■ **Action item**: Output, word for word, the lines of this listing that fall between the line with "南稜米栽培 塩水選・温湯消毒 投稿日時" and the line with "Understanding what the", counting both of those lines, and no others.

■ **Dataset records**:
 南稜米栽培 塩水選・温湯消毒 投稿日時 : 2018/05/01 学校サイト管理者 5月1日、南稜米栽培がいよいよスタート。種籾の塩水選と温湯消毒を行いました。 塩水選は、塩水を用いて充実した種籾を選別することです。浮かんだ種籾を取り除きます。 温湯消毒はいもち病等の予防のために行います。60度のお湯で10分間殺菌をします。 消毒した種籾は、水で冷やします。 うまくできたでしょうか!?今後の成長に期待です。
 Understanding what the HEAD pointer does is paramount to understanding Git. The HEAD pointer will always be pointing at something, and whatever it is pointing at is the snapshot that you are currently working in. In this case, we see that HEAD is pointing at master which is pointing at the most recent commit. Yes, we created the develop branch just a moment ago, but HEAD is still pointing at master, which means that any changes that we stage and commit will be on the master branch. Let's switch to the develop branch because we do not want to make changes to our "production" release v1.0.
* * *
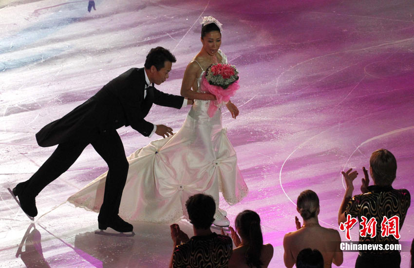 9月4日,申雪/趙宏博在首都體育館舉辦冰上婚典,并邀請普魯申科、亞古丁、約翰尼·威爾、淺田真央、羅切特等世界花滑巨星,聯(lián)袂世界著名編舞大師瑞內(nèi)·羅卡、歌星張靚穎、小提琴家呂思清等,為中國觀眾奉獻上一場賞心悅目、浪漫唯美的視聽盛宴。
* * *
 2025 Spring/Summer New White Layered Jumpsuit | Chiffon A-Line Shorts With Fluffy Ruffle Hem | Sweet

■ **Exercise response**:
 南稜米栽培 塩水選・温湯消毒 投稿日時 : 2018/05/01 学校サイト管理者 5月1日、南稜米栽培がいよいよスタート。種籾の塩水選と温湯消毒を行いました。 塩水選は、塩水を用いて充実した種籾を選別することです。浮かんだ種籾を取り除きます。 温湯消毒はいもち病等の予防のために行います。60度のお湯で10分間殺菌をします。 消毒した種籾は、水で冷やします。 うまくできたでしょうか!?今後の成長に期待です。
 Understanding what the HEAD pointer does is paramount to understanding Git. The HEAD pointer will always be pointing at something, and whatever it is pointing at is the snapshot that you are currently working in. In this case, we see that HEAD is pointing at master which is pointing at the most recent commit. Yes, we created the develop branch just a moment ago, but HEAD is still pointing at master, which means that any changes that we stage and commit will be on the master branch. Let's switch to the develop branch because we do not want to make changes to our "production" release v1.0.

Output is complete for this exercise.